Tres Debates sobre Biblia y Arqueología

por Ziony Zevit
Traducción de Felipe Elgueta Frontier

 

III. El debate del “Siglo Décimo”

 

> Volver al Índice

 

 

 

 


< Ídolo de Edad del Bronce medio en Siria (siglos XXI-XV aEC) Foto: Museo Sherwin Miller

 

El “debate del siglo décimo” fue desencadenado por Israel Finkelstein. Desde comienzos de la década de los '90 él ha señalado que los datos arqueológicos interpretados como indicaciones de la presencia de un reino fuerte y centralizado en Israel y Judá durante el siglo X aEC han sido fechados de manera incorrecta. Concretamente, el debate se concentra en si las excavaciones en varios sitios importantes de la Edad del Hierro, como Beerseba, Dan, Hazor, Jerusalén y Megido permiten o no concluir que (1) no había ninguna arquitectura monumental, es decir, obras hidráulicas, paredes de ciudades, palacios o templos, durante el siglo X; y (2) que la evidencia más temprana de proyectos de construcción de este tipo data de mediados del siglo IX.
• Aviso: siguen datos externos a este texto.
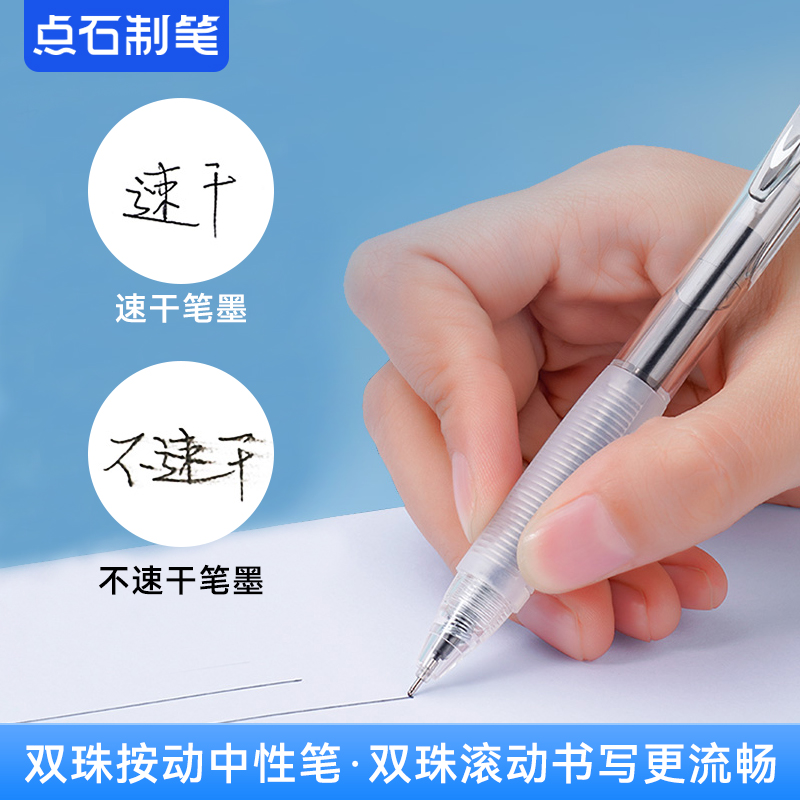 点石指间温柔按动中性笔DS-0110双珠针管头速干顺滑软握胶刷题笔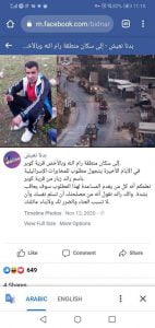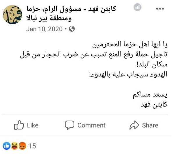 کاپتان فهد – مسئول شاباک در مناطق الرام، حزما و بیت نبالا پستی را به اشتراک گذاشت و در آن نوشت: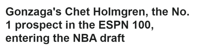 来源:24直播网04-23 15:3524直播网04月23日讯 ,冈扎加大学的19岁新星切特-霍姆格伦告知ESPN,他将正式参加2022年NBA选秀。霍姆格伦身高2米13,在ESPN的TOP 100榜单上排名第一,是状元热门人选之一。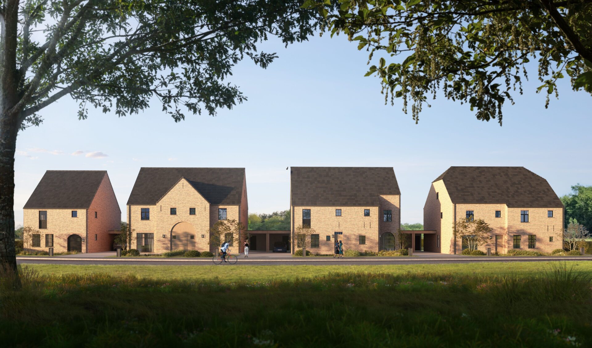 Alle woningen zullen worden verwarmd d.m.v. een individuele geothermische warmtepomp. De ruime woningen kunnen naar persoonlijke smaak afgewerkt worden. Ze zijn verschillend qua ontwerp en indeling, maar vormen samen een mooi architecturaal geheel. Alle woningen hebben op de eerste verdieping drie slaapkamers, met telkens een vaste trap naar de zolderverdieping die u desgewenst kan inrichten als bijkomende slaapkamers, hobbykamer,…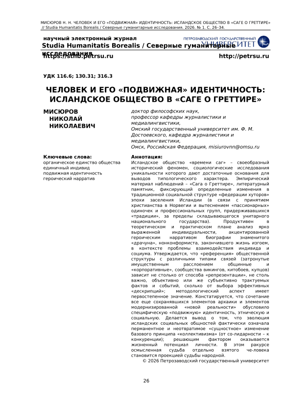 Человек и его «подвижная» идентичность: исландское общество в «Саге о Греттире»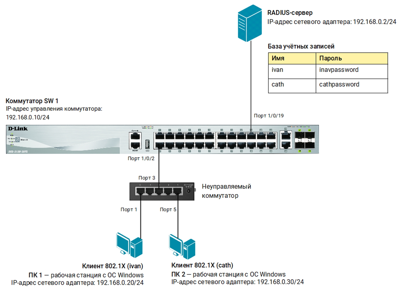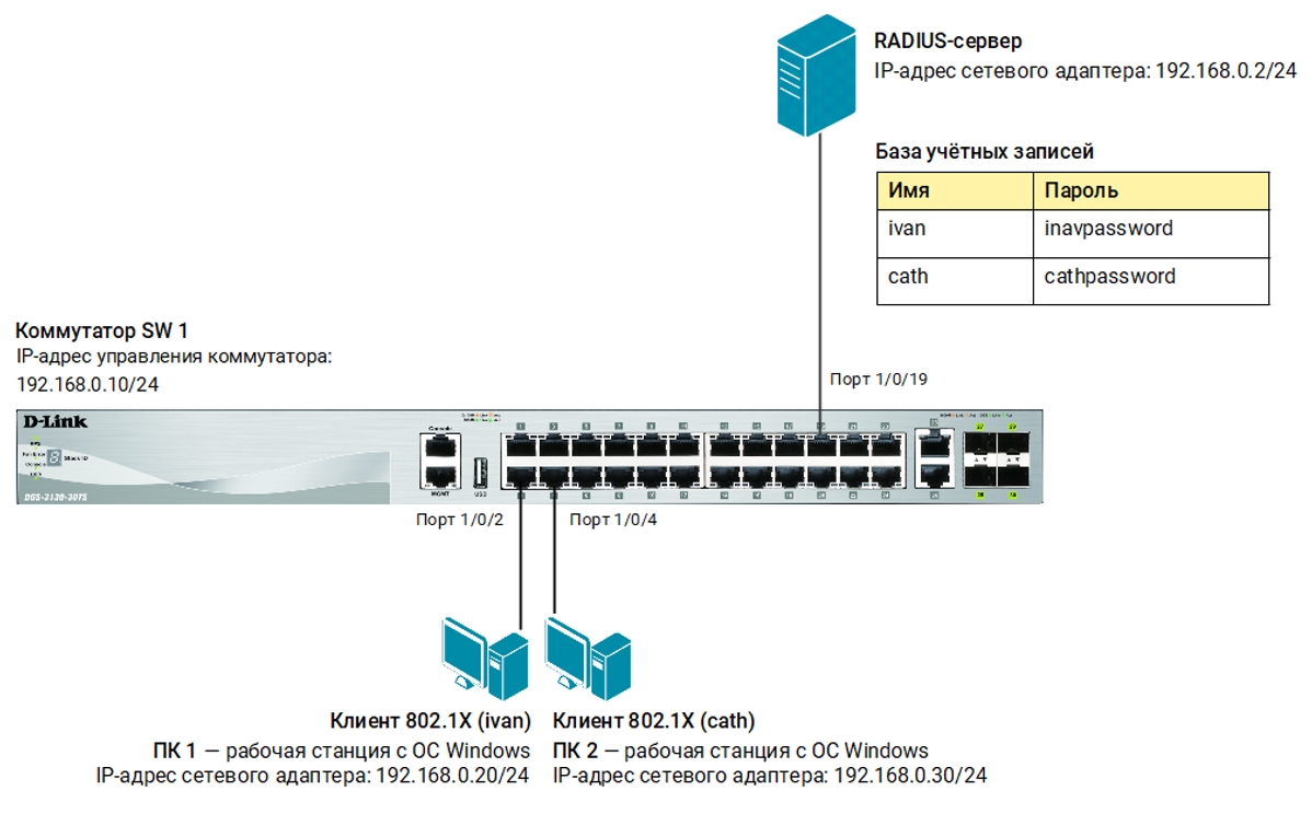 Кроме коммутатора, нужно настроить RADIUS-сервер и 802.1X-клиент на рабочей станции. В качестве RADIUS-сервера может использоваться различное ПО, например, freeradius для OC Linux.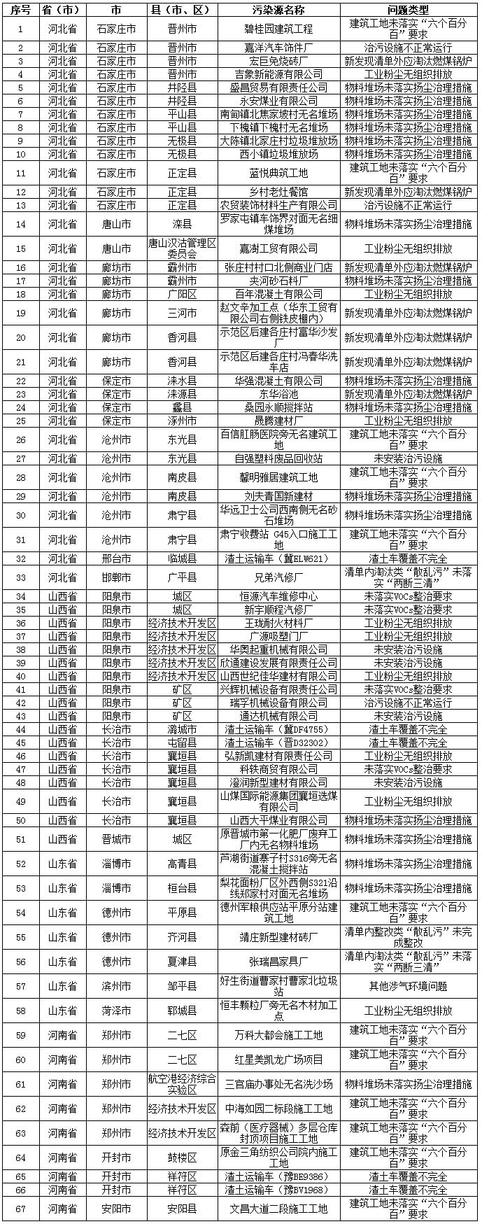 督查組檢查發(fā)現(xiàn),清單內(nèi)涉氣“散亂污”企業(yè)存在整改不到位問題3家。其中,河北省邯鄲市廣平縣1家;山東省德州市齊河縣1家、夏津縣1家。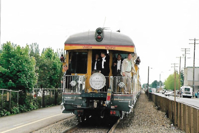 Union Pacific observation car "St. Louis" sporting a drumhead for the Barriger National Library fundraising excursion. Our chase ended here.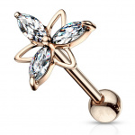 Ce piercing se distingue par son design sophistiqué et intemporel. La fleur, symbole de beauté et d'élégance, s'adapte parfaitement à toutes les occasions, que ce soit pour une soirée chic ou une journée décontractée. Les zirconiums en forme de triangles apportent une modernité audacieuse, parfaite pour affirmer ton style.

En la arqueología siropalestina, las fechas se establecen habitualmente a través del uso de la alfarería encontrada en una excavación, cotejada con una cronología cerámica. La base de esta cronología fue el descubrimiento hecho a fines del siglo XIX y comienzos del XX de que los tipos de alfarería, su forma, estilo, la manera de fabricación y el diseño preferido por los pueblos, cambiada lenta pero perceptiblemente con el tiempo en todas las regiones del Cercano Oriente antiguo. Es semejante a fechar una fotografía vieja por la ropa, el peinado, el mobiliario, las radios e incluso los tipos de poses asumidos por las personas que aparecen en ella. Sobre la base de estas pistas, la fotografía puede fecharse en 1915 en Roma y no en 1950 en Rumania. El contenido y el contexto determinan la interpretación correcta.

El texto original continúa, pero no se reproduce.